(Stored items from a collection)
========================================

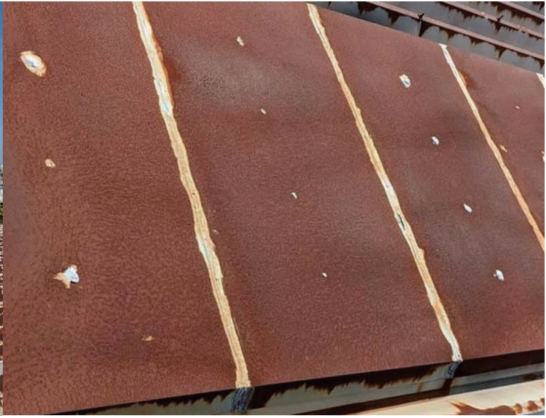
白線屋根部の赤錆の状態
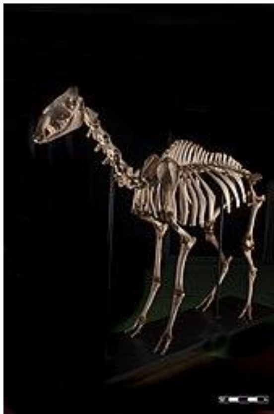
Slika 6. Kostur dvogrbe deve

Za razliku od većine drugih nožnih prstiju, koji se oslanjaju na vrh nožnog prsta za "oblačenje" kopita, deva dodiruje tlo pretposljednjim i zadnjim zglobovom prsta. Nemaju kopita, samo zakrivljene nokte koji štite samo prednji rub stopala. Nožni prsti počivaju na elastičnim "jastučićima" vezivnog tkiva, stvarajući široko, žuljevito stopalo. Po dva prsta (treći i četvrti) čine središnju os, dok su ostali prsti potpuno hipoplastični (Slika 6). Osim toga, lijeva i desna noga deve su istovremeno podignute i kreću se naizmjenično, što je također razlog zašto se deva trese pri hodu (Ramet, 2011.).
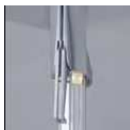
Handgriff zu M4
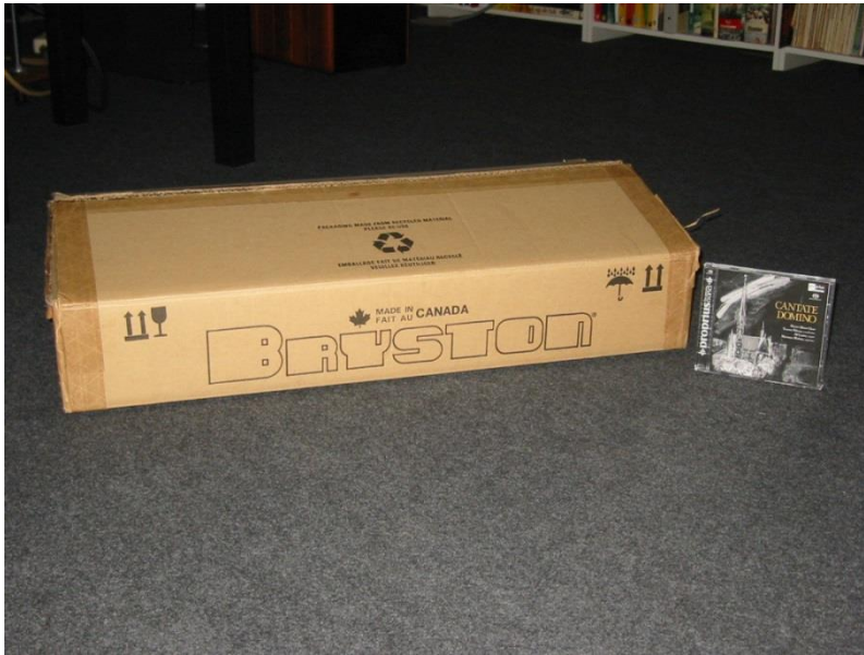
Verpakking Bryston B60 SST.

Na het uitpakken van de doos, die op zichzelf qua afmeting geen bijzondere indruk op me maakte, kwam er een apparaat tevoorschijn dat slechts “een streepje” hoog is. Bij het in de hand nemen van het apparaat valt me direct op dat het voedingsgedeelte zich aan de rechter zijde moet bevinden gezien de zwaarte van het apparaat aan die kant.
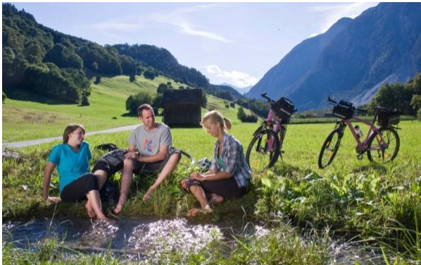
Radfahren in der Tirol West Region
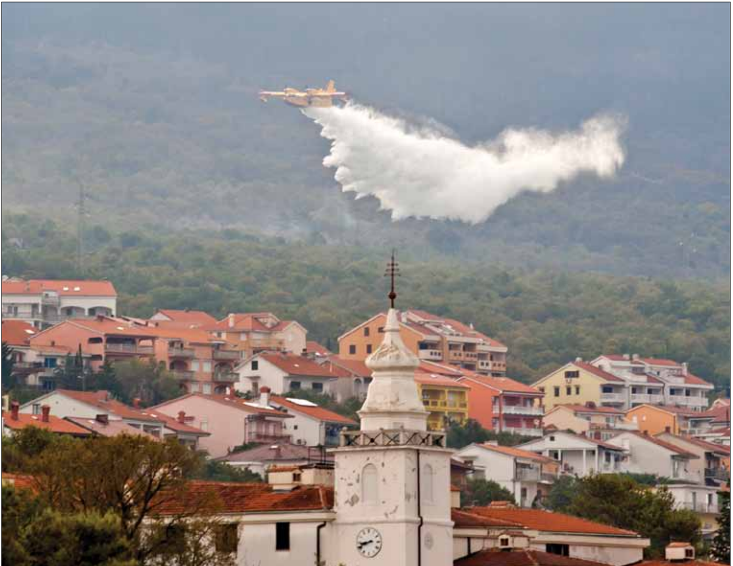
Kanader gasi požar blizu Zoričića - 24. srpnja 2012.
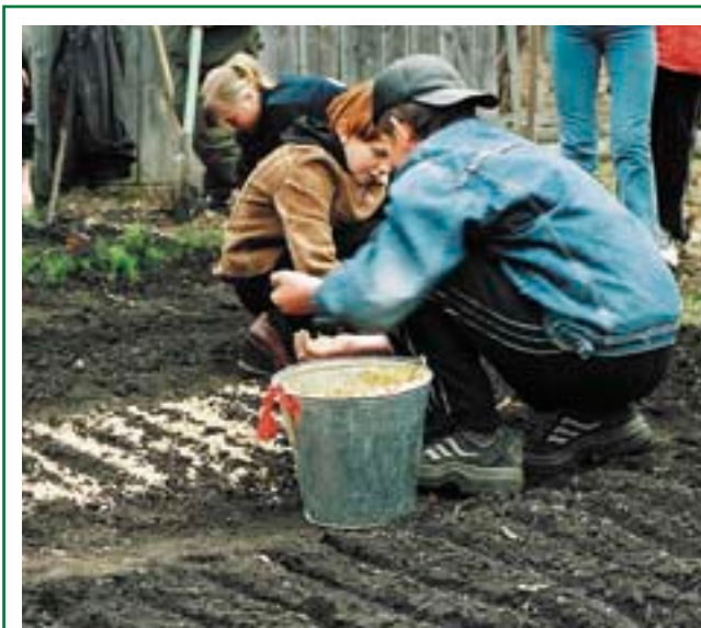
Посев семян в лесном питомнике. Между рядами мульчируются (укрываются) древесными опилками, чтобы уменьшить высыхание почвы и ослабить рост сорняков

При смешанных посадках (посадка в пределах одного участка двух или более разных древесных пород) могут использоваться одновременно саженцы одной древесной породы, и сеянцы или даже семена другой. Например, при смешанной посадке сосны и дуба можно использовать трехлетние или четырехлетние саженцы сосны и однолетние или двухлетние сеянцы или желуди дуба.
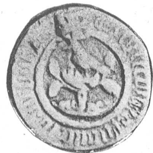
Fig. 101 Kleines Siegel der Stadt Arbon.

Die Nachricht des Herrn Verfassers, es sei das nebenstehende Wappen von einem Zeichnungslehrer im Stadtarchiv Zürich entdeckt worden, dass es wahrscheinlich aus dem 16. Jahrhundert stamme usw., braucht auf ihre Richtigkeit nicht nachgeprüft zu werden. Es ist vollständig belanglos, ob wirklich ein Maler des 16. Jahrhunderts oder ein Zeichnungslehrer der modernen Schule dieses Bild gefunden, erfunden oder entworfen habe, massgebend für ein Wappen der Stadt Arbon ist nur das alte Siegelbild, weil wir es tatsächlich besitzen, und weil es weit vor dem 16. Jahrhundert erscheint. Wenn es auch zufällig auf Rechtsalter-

========================================

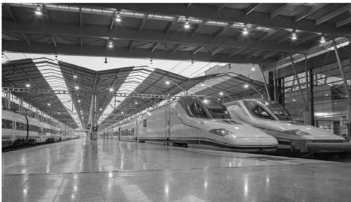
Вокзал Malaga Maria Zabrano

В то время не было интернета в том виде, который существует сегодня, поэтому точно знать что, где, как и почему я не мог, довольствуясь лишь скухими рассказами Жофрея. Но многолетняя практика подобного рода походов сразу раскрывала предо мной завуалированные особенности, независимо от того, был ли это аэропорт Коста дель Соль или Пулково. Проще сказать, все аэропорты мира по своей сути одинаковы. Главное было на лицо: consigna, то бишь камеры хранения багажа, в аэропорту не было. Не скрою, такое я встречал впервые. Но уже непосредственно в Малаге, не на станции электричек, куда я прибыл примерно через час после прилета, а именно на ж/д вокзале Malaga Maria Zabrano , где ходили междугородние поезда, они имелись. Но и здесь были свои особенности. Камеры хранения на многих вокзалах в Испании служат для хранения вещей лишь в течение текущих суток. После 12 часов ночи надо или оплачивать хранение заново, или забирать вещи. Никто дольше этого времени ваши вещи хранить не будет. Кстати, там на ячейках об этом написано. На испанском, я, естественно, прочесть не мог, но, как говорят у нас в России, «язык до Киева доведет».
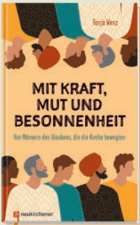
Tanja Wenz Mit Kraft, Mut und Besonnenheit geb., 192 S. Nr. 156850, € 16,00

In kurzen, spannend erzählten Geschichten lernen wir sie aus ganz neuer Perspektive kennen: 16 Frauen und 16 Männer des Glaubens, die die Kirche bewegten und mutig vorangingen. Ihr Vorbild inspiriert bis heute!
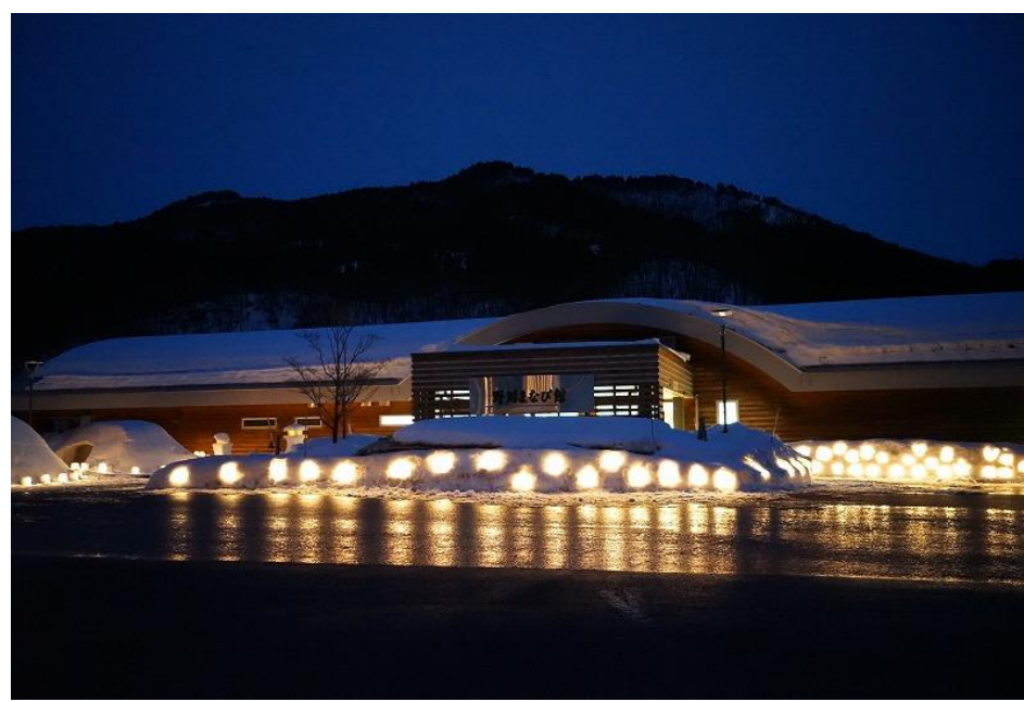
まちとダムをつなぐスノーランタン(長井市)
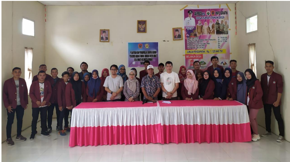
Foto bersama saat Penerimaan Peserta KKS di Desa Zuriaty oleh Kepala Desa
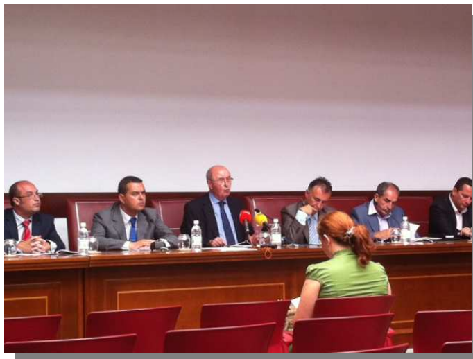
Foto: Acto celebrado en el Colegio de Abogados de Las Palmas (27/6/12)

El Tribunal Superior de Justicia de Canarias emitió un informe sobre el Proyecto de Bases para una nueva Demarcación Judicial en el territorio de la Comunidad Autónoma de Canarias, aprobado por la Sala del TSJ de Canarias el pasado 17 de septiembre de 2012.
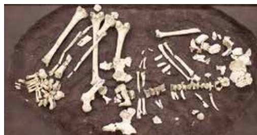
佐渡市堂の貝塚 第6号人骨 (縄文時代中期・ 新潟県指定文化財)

========================================

> **DIRECTIONS**
Transcribe only this stretch of the data: the line with "白線屋根部の赤錆の状態", the line with "Verpakking Bryston B60 SST.", and every line in between. Leave out the pictures.

> **EXPECTED OUTPUT**
白線屋根部の赤錆の状態
Slika 6. Kostur dvogrbe deve

Za razliku od većine drugih nožnih prstiju, koji se oslanjaju na vrh nožnog prsta za "oblačenje" kopita, deva dodiruje tlo pretposljednjim i zadnjim zglobovom prsta. Nemaju kopita, samo zakrivljene nokte koji štite samo prednji rub stopala. Nožni prsti počivaju na elastičnim "jastučićima" vezivnog tkiva, stvarajući široko, žuljevito stopalo. Po dva prsta (treći i četvrti) čine središnju os, dok su ostali prsti potpuno hipoplastični (Slika 6). Osim toga, lijeva i desna noga deve su istovremeno podignute i kreću se naizmjenično, što je također razlog zašto se deva trese pri hodu (Ramet, 2011.).
Handgriff zu M4
Verpakking Bryston B60 SST.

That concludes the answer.